Haplogroup R Call Matrix

The linked files contain a matrix of discovered variants in all processed BAM files as a temporary solution to allow individuals to compare their results. The files are zipped comma-separated text format and feature calls at over 125,000 variant locations on GRCh38. The analysis does not include vendor supplied reports as the VCF or variant compare reports remain ambiguous.

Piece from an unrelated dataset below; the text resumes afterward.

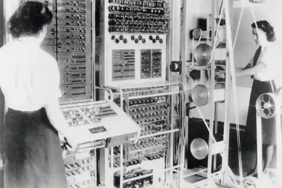 在第二次世界大战期间,图灵了解了使用真空管的高速电子开关的进展,并见证了第一台功能完备的电子数字计算机Colossus的诞生,它从1944年初开始被英国密码学家使用。
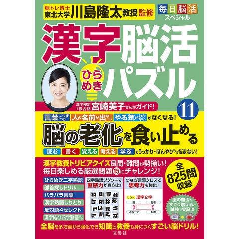 ご好評に応え待望の毎月刊行化!パズル誌の中でも特に人気の高い漢字系の問題に特化した「毎日脳活シリーズ」第11巻。漢字の部首や書き順を問うもの、熟語を問うもの、見るだけでスッと解けるもの、じっくり時間をかけて徐々に答えを導き出すものなど、漢字好きにはたまらない多彩な問題を網羅。また、巻頭特集では漢字検定1級に合格した漢字好きの女優、宮崎美子さんのインタビュー及び宮崎さん出題の楽しくて頭を使う漢字問題を収録。

A rough explanation of the file column layout:

  1. Aliases: The current name(s) associated with the chromosome Y coordinates.
  2. Contig: Either chrY or chrY_KI270740v1_random. The later is a region of DYZ19, which the exact location within chrY is unknown.
  3. pos (GRCh38): The starting position of the variant on the GRCh38 reference.
  4. (blank): This column can be filtered for "Fail" or "->". A fail value indicates the coordinate cannot be mapped back to GRCh37.
  5. Contig: The calculated hg19 chromosome for the variant.
  6. pos (GRCh37): The starting position of the variant on the GRCh37 reference.
  7. ref: This is usually the reference allele, but may contain the ancestral value defined in ybrowse.org. This allows variants like P312 to call correctly.
  8. alt: This is usually the alternate allele defining the mutation. (See ref for explanation.)
  9. type: SNP, INDEL or MIXED. A MIXED value indicates multiple mutations at the site are detected in the set but only the most common are reported.
  10. combBED: An indicator if the site is included in the combBED ranges defined by Adamov et al's, Defining a New Rate Constant for Y-Chromosome SNPs based on Full Sequencing Data. Markers in the regions are more likely to be correctly aligned and can be used to estimate branch ages.
    • LowQual: Phred-scaled quality score between 30 and 50
    • VeryLowQual: Phred-scaled quality score <= 30
    • REJECTED: Quality score < 10
    • LowQD: Variant Confidence / Quality by Depth is < 1.5
    • LowCoverage: Depth < 5
    • SnpCluster: Multiple SNPs found with 10 bases.
    • When a variant falls inside a known STR, Palindromic Arm or DYZ19, they are also noted here.
  12. Kit information includes the short haplogroup designation on the experimental tree, kit identifier, surname (if known), and the number of reads at the site of a variant. Zero indicates the site was untested in the source BAM. A positive number indicates the number of alt alleles read. A negative number indicates the number of ref alleles read. When a diploid read is present due to poor alignment or testing errors, the count for each value is included ie: T-7/C-1.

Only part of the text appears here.